→ **Task description**
Which lines come from the start of the listing through the line holding "2019.024.0163.0002 柯旗化詩作〈祖宗之淚〉複寫稿"? Restate exactly those, both included, minus the pictures.

BEGIN

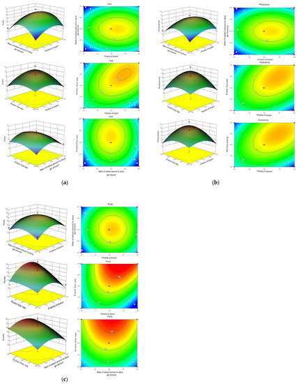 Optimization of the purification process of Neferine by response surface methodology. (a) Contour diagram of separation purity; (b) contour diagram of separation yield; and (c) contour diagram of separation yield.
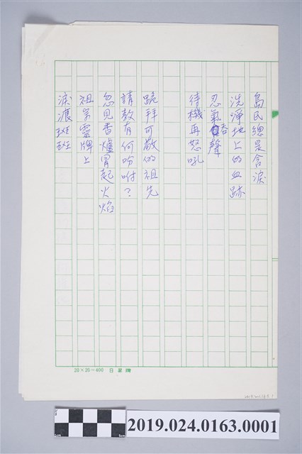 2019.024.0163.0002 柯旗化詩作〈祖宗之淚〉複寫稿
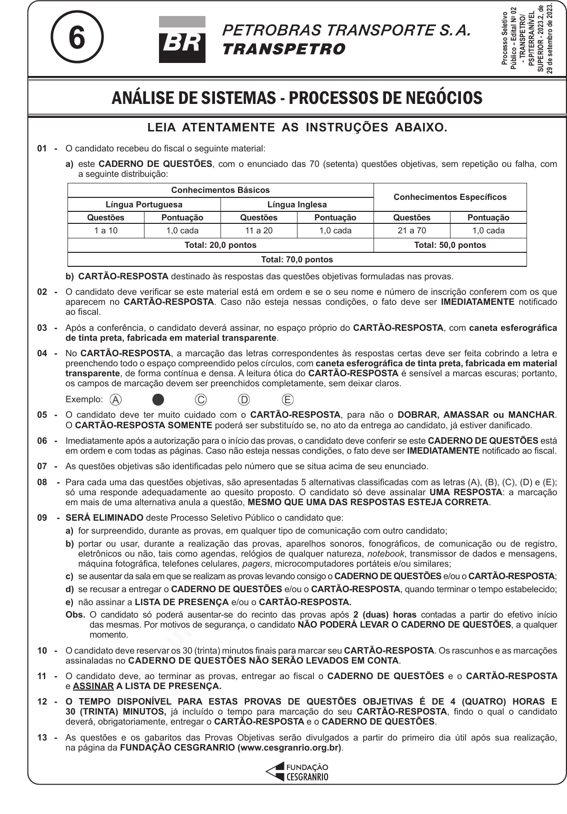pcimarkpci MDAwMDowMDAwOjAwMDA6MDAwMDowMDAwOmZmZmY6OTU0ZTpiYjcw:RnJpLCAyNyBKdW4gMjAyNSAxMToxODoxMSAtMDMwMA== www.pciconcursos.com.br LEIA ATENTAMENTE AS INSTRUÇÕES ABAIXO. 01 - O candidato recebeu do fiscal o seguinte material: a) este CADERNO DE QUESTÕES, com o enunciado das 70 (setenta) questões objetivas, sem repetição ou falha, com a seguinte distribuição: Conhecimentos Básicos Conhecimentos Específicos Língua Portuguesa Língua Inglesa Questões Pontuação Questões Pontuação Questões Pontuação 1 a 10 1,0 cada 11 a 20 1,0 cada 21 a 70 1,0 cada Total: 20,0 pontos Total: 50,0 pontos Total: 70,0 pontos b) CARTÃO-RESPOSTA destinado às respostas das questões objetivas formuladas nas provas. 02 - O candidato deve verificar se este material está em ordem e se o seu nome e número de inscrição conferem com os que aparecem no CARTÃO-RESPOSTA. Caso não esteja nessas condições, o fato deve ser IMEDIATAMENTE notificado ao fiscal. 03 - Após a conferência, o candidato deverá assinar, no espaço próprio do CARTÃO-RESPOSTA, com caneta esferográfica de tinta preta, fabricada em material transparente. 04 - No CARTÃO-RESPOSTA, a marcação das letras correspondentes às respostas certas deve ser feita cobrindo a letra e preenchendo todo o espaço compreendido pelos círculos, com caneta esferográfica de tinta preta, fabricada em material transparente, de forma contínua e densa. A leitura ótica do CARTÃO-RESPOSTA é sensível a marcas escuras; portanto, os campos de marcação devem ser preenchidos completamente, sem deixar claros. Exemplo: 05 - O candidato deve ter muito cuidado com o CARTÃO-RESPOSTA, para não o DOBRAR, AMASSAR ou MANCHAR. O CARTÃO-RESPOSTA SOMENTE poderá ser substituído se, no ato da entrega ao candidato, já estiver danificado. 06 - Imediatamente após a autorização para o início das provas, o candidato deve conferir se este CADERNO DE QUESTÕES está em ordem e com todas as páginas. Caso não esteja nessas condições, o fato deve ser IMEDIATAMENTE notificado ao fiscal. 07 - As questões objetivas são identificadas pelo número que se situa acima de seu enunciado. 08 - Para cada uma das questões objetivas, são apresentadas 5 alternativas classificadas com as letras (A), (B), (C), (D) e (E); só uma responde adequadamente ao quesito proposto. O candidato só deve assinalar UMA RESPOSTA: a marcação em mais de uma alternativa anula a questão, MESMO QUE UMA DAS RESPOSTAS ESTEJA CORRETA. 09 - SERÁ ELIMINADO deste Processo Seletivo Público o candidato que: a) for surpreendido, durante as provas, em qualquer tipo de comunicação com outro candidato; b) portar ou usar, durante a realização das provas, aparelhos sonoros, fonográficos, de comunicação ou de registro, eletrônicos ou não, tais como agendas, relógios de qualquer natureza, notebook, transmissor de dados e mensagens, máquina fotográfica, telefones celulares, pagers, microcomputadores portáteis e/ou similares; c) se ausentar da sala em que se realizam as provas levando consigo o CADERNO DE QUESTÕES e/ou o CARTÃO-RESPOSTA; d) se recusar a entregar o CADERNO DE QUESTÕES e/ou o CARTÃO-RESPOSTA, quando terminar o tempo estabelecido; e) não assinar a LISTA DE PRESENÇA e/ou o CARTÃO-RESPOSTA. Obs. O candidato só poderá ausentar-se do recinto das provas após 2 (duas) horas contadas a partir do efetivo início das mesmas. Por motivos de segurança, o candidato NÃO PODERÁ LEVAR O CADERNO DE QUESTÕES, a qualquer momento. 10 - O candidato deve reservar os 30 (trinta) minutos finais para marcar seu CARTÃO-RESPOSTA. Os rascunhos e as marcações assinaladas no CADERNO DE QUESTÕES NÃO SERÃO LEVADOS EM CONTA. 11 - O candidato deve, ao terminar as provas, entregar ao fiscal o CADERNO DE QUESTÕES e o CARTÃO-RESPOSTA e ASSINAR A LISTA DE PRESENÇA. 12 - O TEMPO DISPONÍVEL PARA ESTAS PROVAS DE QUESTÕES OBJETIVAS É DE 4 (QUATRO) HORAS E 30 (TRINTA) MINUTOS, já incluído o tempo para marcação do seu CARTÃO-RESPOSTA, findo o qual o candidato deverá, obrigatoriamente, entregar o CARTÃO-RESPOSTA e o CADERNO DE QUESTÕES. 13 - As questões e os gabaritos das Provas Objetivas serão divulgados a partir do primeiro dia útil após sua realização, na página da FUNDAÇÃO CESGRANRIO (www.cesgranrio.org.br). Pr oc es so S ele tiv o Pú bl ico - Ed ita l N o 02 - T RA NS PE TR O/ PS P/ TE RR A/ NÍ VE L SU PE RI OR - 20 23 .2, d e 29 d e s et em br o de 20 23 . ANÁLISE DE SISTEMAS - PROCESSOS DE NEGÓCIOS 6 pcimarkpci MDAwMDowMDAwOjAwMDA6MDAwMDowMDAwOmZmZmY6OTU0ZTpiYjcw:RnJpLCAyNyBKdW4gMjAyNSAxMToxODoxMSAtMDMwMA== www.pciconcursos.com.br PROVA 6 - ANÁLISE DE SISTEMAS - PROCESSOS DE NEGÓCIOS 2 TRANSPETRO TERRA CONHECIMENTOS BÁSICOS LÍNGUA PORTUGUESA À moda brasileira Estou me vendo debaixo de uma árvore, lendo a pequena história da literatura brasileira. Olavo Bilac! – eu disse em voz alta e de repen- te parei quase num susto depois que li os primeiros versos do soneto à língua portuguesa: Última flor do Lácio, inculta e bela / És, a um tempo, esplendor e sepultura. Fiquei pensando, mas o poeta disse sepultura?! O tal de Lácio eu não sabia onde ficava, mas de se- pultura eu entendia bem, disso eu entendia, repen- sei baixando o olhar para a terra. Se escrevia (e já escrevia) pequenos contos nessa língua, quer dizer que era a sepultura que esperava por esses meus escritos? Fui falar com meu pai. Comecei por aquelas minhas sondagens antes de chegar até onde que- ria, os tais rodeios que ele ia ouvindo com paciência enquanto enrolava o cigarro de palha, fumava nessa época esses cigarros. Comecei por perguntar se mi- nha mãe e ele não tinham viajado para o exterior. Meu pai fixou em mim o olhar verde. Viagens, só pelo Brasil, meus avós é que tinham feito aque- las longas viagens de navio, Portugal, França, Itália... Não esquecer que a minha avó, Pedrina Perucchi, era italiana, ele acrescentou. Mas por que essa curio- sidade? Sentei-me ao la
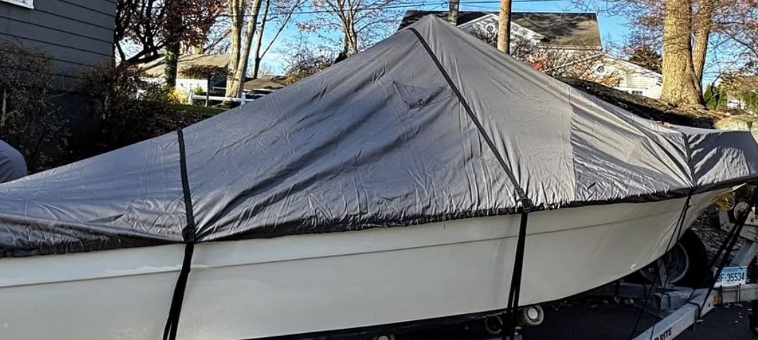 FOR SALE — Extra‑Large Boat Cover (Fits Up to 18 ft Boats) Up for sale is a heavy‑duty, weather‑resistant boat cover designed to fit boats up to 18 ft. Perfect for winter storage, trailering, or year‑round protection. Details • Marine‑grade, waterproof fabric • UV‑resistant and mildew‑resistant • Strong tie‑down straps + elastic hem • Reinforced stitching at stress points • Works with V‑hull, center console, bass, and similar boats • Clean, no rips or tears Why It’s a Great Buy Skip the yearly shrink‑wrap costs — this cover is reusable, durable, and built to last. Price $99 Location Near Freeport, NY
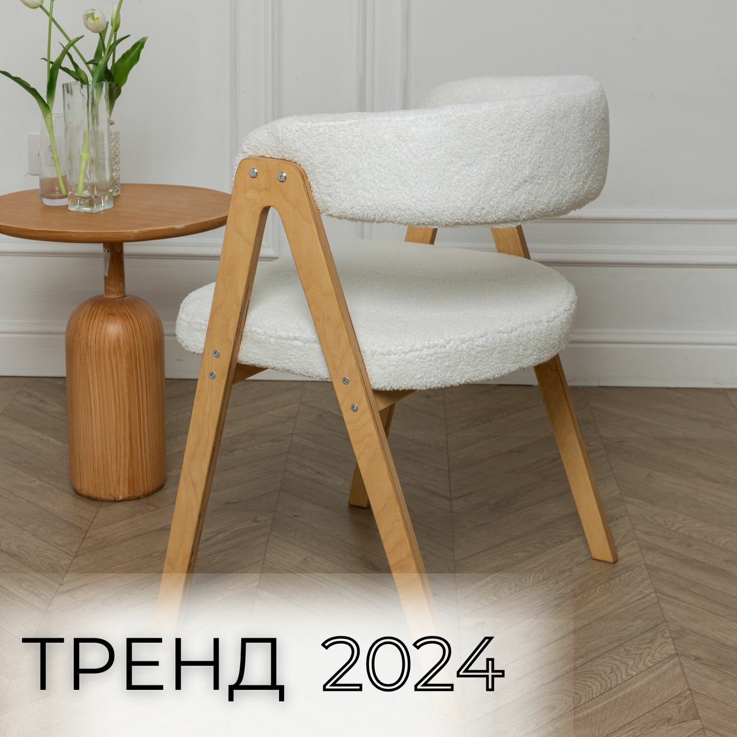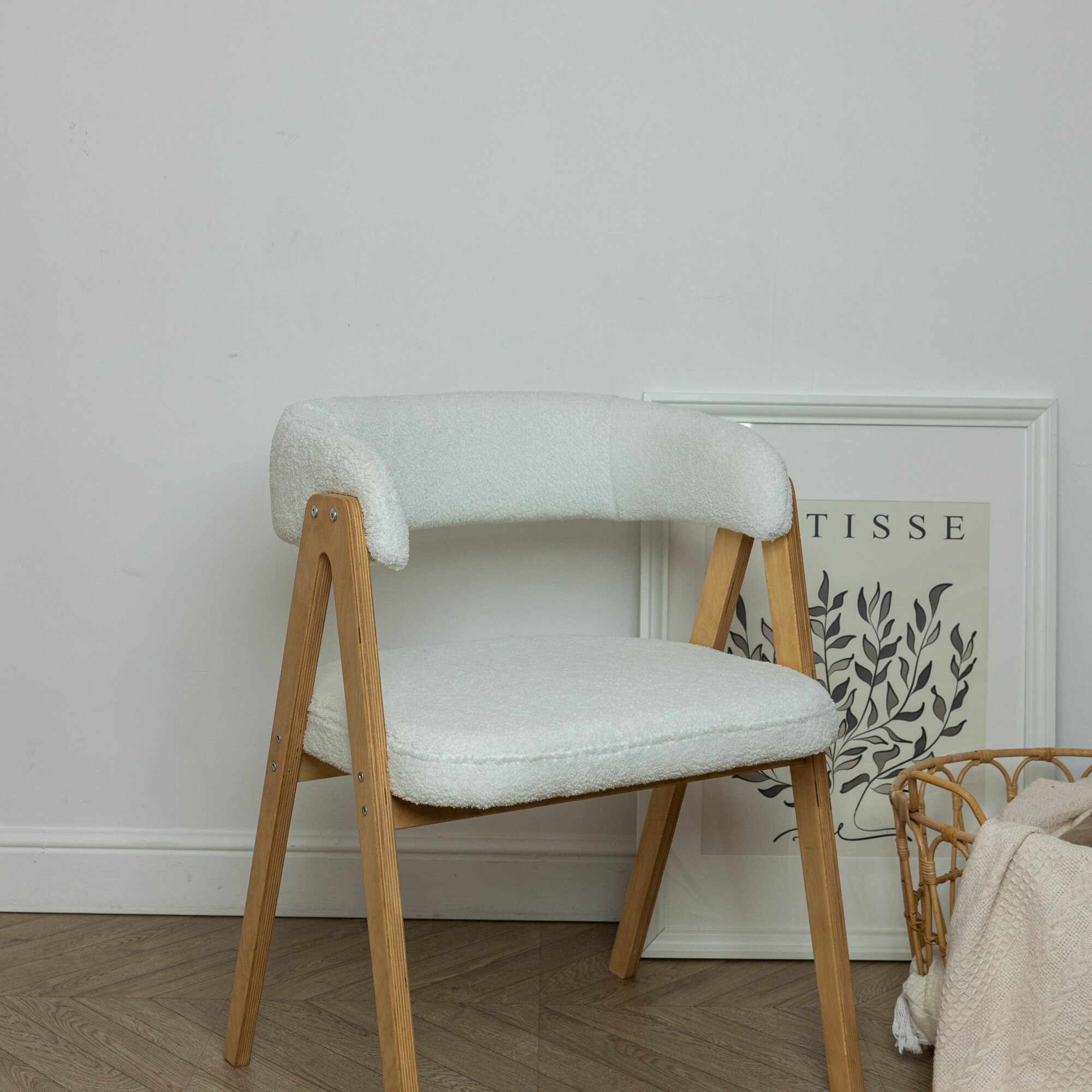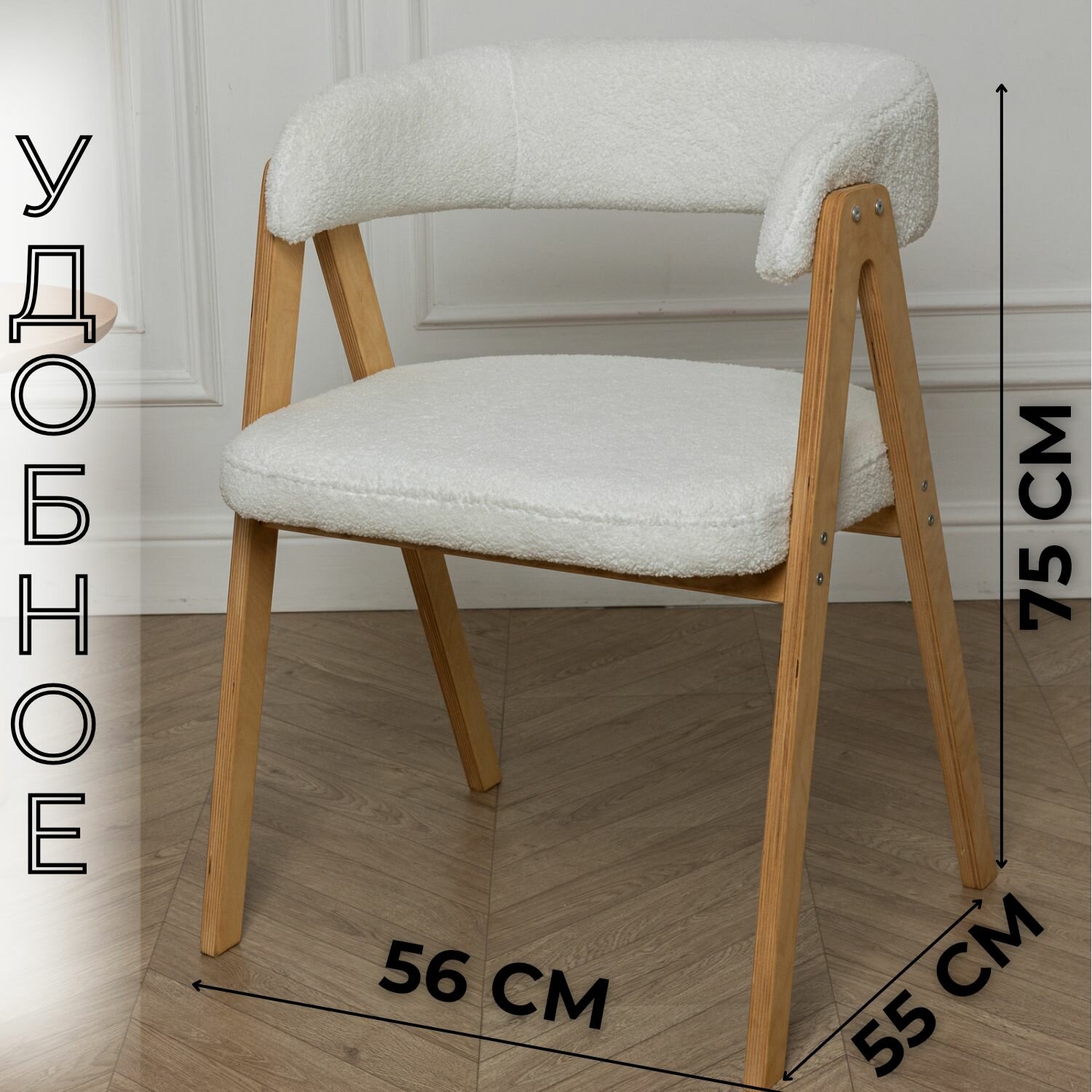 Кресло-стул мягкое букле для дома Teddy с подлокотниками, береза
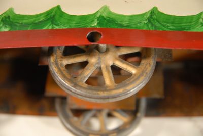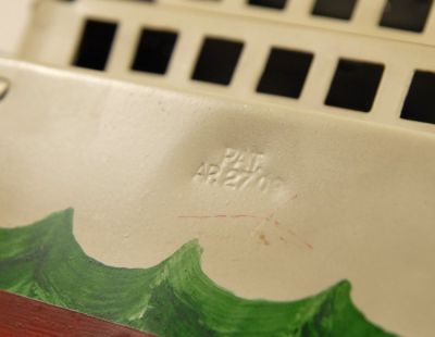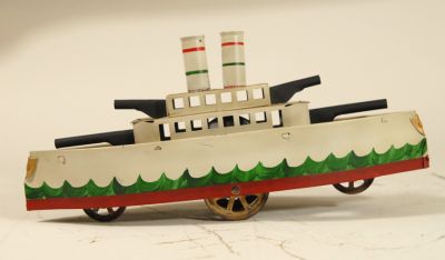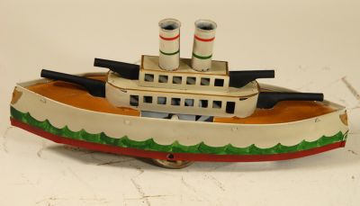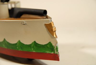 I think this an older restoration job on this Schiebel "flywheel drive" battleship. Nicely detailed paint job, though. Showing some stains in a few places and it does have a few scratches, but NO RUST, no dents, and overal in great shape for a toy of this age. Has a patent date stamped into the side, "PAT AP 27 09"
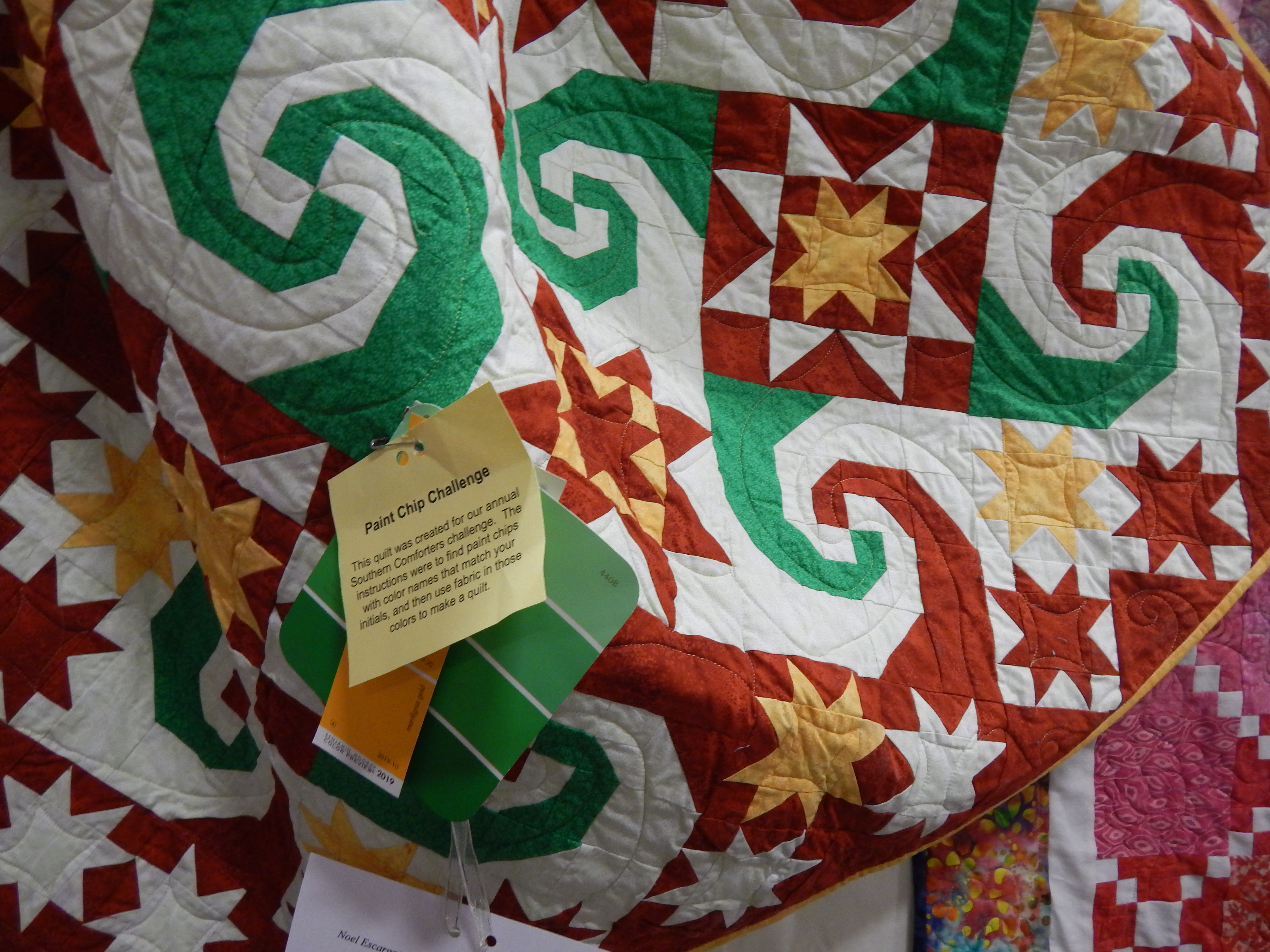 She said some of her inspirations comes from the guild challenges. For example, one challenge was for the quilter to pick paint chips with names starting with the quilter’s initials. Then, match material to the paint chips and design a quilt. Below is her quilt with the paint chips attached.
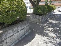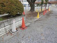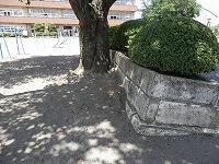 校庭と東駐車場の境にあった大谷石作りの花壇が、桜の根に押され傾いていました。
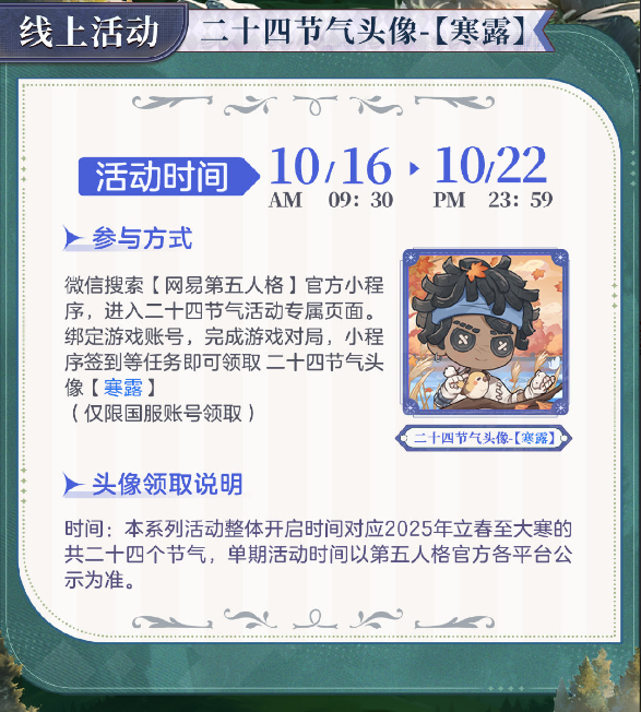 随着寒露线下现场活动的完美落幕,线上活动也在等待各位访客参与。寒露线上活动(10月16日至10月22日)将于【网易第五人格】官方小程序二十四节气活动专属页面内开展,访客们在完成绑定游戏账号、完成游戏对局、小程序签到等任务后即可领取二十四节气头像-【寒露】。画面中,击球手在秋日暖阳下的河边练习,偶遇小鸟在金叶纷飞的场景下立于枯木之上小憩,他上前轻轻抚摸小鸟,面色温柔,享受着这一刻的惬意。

END

→ **Solution to this exercise**
 Optimization of the purification process of Neferine by response surface methodology. (a) Contour diagram of separation purity; (b) contour diagram of separation yield; and (c) contour diagram of separation yield.
 2019.024.0163.0002 柯旗化詩作〈祖宗之淚〉複寫稿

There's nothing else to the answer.